* _Exercise requirements_: The whole listing needs retyping exactly; keep the pictures out of it.

* _Provided material_:
——
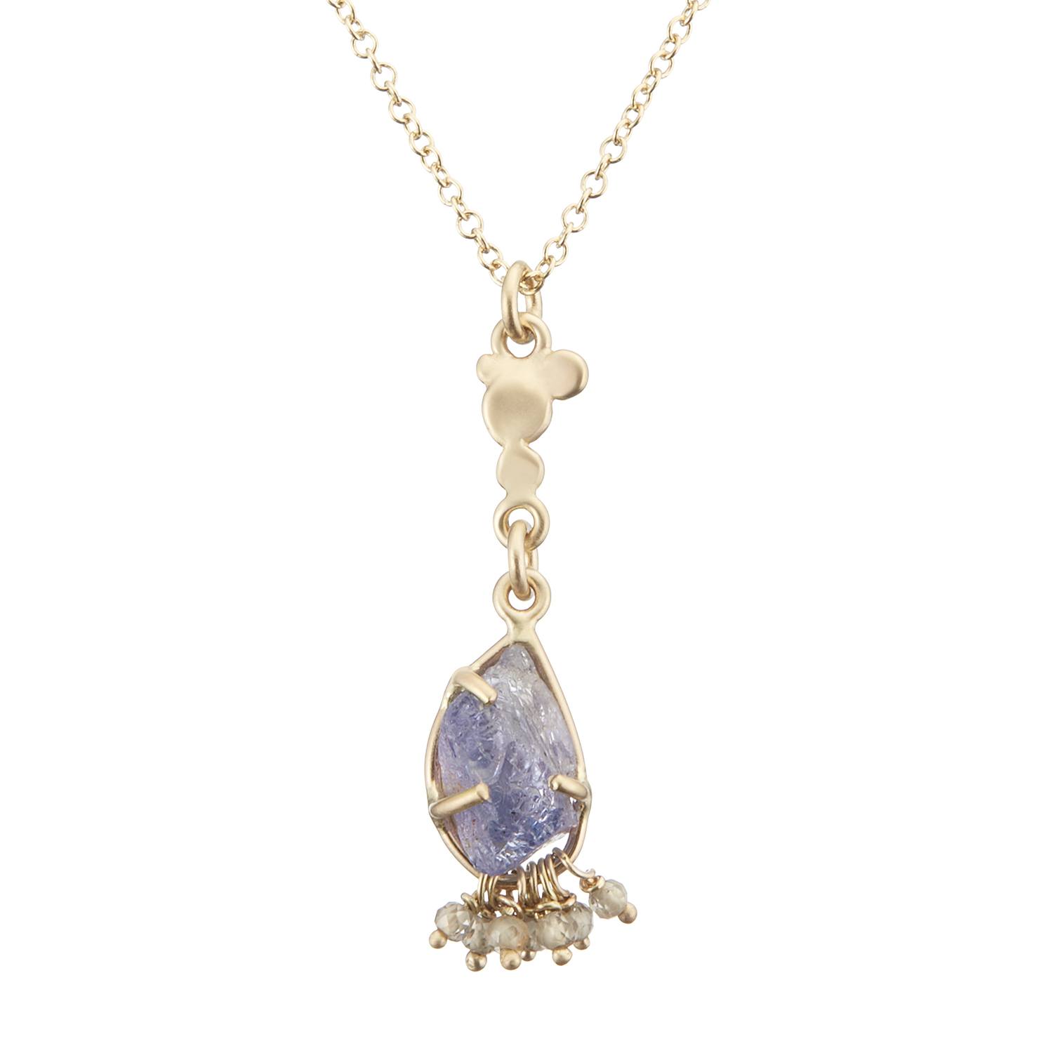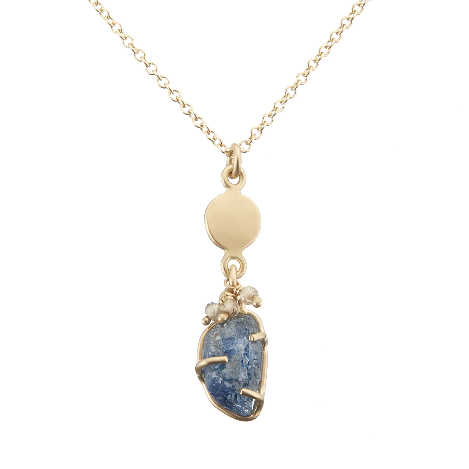 Fairmined 14k gold, 18” Fairmined 14k gold 1.2 mm wide cable chain, Umba sapphires from Moyo Gems and Tanzania zircons.
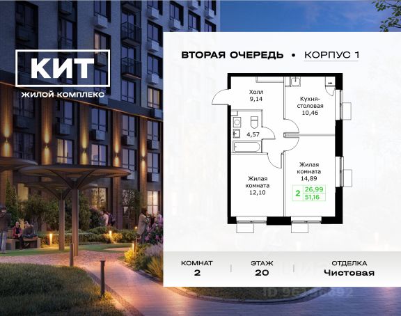 Дом сдан. Выдаем ключи! Продаётся 2-к квартира 54.7 кв.м. без отделки в ЖК "КИТ" на 6-м этаже 25 этажного дома. Жилой комплекс "Кит" спроектирован в урбанистической концепции "Город в Городе". Объект бизнес-класса предлагает рациональный подход к набору опций, необходимых для гармоничной жизни. Проект представляет собой два корпуса, которые образуют единую приватную территорию. Ее доминантой является двор с красивым ландшафтным дизайном и различными зонами, ориентированными на интересы жителей разного возраста. При создании пространства в приоритет ставился комфорт жителей. В шаговой доступности находятся торговый центр, рестораны, кинотеатры, спортивный зал, образовательные учреждения и много других сфер услуг. Преимущества проекта: - Видовые характеристики (просматриваются Москва - Сити и Останкинская телебашня) - Широкая квартирография по всем типам квартир - Увеличенное остекление - 3 варианта отделки: без отделки, white box или чистовая отделка в скандинавском и итальянском стилях - Школа и детский сад рядом - Богатая развлекательная инфраструктура - Высокий уровень безопасности территории Расположение комплекса: - 5 минут пешком до ж/д "Мытищи" и автовокзала: - 19 минут до станции м. "Комсомольская" - 30 минут до станции м. "Медведково" - 2,2 км до Волковского шоссе - 2,8 км до Ярославского шоссе - 5,7 км до МКАД
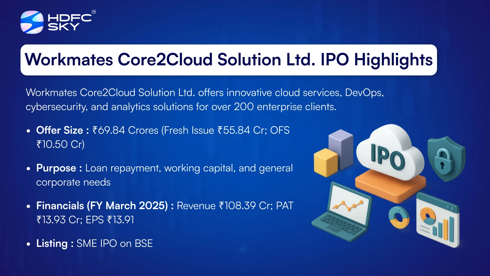 The Workmates Core2Cloud IPO is a book-built issue amounting to ₹69.84 crore. It comprises a fresh issue of 0.29 crore shares, aggregating to ₹59.34 crore, and an offer for sale (OFS) of 0.05 crore shares, aggregating to ₹10.50 crore. The IPO will open for subscription on 11 November 2025 and close on 13 November 2025, with the allotment expected on 14 November 2025. The shares are proposed to be listed on the BSE SME platform, with a tentative listing date of 18 November 2025.
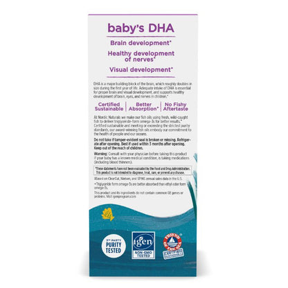 Nordic Naturals Baby's DHA (formerly DHA Infant) Supports healthy brain, eye, and nervous system function. DHA is essential for proper brain development in infants to support learning and language abilities. Formulated for the specific omega-3 nutritional needs of infants 5 to 35 lbs.
——
* _Exercise solution_:
 Fairmined 14k gold, 18” Fairmined 14k gold 1.2 mm wide cable chain, Umba sapphires from Moyo Gems and Tanzania zircons.
 Дом сдан. Выдаем ключи! Продаётся 2-к квартира 54.7 кв.м. без отделки в ЖК "КИТ" на 6-м этаже 25 этажного дома. Жилой комплекс "Кит" спроектирован в урбанистической концепции "Город в Городе". Объект бизнес-класса предлагает рациональный подход к набору опций, необходимых для гармоничной жизни. Проект представляет собой два корпуса, которые образуют единую приватную территорию. Ее доминантой является двор с красивым ландшафтным дизайном и различными зонами, ориентированными на интересы жителей разного возраста. При создании пространства в приоритет ставился комфорт жителей. В шаговой доступности находятся торговый центр, рестораны, кинотеатры, спортивный зал, образовательные учреждения и много других сфер услуг. Преимущества проекта: - Видовые характеристики (просматриваются Москва - Сити и Останкинская телебашня) - Широкая квартирография по всем типам квартир - Увеличенное остекление - 3 варианта отделки: без отделки, white box или чистовая отделка в скандинавском и итальянском стилях - Школа и детский сад рядом - Богатая развлекательная инфраструктура - Высокий уровень безопасности территории Расположение комплекса: - 5 минут пешком до ж/д "Мытищи" и автовокзала: - 19 минут до станции м. "Комсомольская" - 30 минут до станции м. "Медведково" - 2,2 км до Волковского шоссе - 2,8 км до Ярославского шоссе - 5,7 км до МКАД
 The Workmates Core2Cloud IPO is a book-built issue amounting to ₹69.84 crore. It comprises a fresh issue of 0.29 crore shares, aggregating to ₹59.34 crore, and an offer for sale (OFS) of 0.05 crore shares, aggregating to ₹10.50 crore. The IPO will open for subscription on 11 November 2025 and close on 13 November 2025, with the allotment expected on 14 November 2025. The shares are proposed to be listed on the BSE SME platform, with a tentative listing date of 18 November 2025.
 Nordic Naturals Baby's DHA (formerly DHA Infant) Supports healthy brain, eye, and nervous system function. DHA is essential for proper brain development in infants to support learning and language abilities. Formulated for the specific omega-3 nutritional needs of infants 5 to 35 lbs.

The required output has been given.